— WHAT YOU ARE ASKED TO DO —
When writing out the listing below, reproduce every word exactly and skip the pictures.

DATA BELOW below:

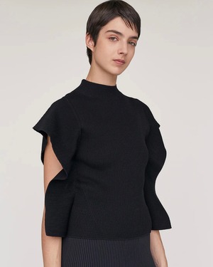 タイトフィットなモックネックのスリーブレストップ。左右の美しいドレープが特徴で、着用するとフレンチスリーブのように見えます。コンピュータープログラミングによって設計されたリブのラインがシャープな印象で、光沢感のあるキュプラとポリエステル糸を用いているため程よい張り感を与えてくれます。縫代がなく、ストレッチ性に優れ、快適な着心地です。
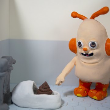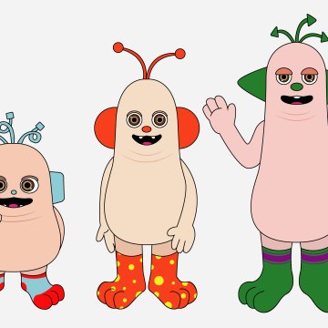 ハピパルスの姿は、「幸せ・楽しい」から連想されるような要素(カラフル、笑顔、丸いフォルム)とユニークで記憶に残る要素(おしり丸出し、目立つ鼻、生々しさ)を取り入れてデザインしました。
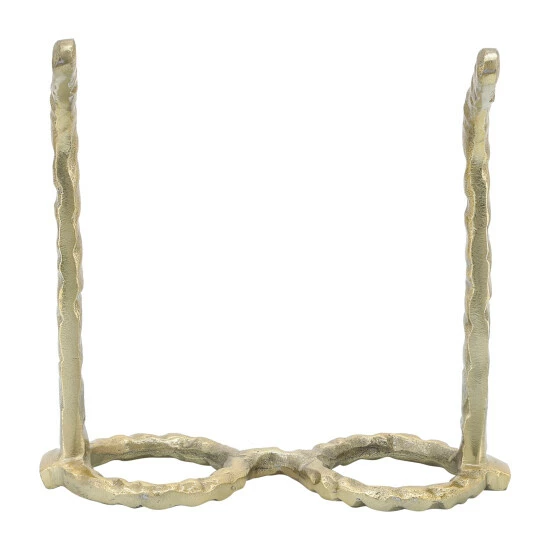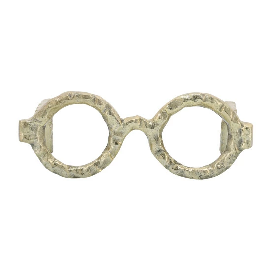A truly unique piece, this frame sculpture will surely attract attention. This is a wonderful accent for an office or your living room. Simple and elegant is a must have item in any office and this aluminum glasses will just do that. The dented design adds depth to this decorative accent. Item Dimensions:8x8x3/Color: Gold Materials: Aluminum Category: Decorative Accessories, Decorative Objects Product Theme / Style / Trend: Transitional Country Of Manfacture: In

End of DATA BELOW.

— YOUR SOLUTION —
 タイトフィットなモックネックのスリーブレストップ。左右の美しいドレープが特徴で、着用するとフレンチスリーブのように見えます。コンピュータープログラミングによって設計されたリブのラインがシャープな印象で、光沢感のあるキュプラとポリエステル糸を用いているため程よい張り感を与えてくれます。縫代がなく、ストレッチ性に優れ、快適な着心地です。
 ハピパルスの姿は、「幸せ・楽しい」から連想されるような要素(カラフル、笑顔、丸いフォルム)とユニークで記憶に残る要素(おしり丸出し、目立つ鼻、生々しさ)を取り入れてデザインしました。
A truly unique piece, this frame sculpture will surely attract attention. This is a wonderful accent for an office or your living room. Simple and elegant is a must have item in any office and this aluminum glasses will just do that. The dented design adds depth to this decorative accent. Item Dimensions:8x8x3/Color: Gold Materials: Aluminum Category: Decorative Accessories, Decorative Objects Product Theme / Style / Trend: Transitional Country Of Manfacture: In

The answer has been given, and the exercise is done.